*** Opening of RECORDS SUPPLIED ***

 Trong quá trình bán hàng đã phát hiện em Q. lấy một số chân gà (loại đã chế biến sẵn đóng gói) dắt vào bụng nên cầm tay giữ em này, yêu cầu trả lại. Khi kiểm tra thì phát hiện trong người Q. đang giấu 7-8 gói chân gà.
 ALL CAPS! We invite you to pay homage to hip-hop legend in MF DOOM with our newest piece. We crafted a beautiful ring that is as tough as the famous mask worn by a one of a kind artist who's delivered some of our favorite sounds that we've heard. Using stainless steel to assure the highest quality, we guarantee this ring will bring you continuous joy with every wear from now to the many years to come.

*** Close of RECORDS SUPPLIED ***
*** Opening of RECORDS SUPPLIED ***

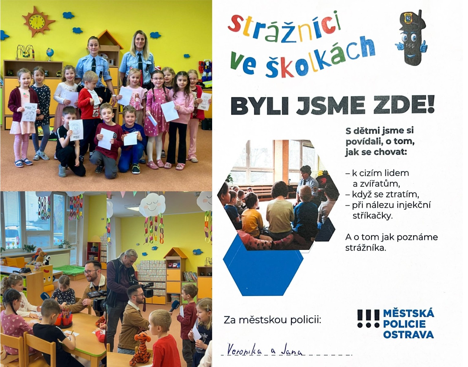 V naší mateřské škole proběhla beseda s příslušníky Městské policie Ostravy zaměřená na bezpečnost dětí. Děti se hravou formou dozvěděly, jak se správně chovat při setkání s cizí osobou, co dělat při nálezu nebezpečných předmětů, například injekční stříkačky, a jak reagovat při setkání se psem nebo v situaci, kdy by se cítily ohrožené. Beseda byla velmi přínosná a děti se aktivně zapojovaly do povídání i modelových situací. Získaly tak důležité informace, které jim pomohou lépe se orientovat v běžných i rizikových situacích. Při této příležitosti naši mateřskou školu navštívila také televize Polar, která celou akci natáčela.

*** Close of RECORDS SUPPLIED ***

Only the lines above starting with the one with "Trong quá trình" and going through the one with "ALL CAPS! We" are to be copied, word for word and with both ends kept.

## ANSWER TO THE PROBLEM
 Trong quá trình bán hàng đã phát hiện em Q. lấy một số chân gà (loại đã chế biến sẵn đóng gói) dắt vào bụng nên cầm tay giữ em này, yêu cầu trả lại. Khi kiểm tra thì phát hiện trong người Q. đang giấu 7-8 gói chân gà.
 ALL CAPS! We invite you to pay homage to hip-hop legend in MF DOOM with our newest piece. We crafted a beautiful ring that is as tough as the famous mask worn by a one of a kind artist who's delivered some of our favorite sounds that we've heard. Using stainless steel to assure the highest quality, we guarantee this ring will bring you continuous joy with every wear from now to the many years to come.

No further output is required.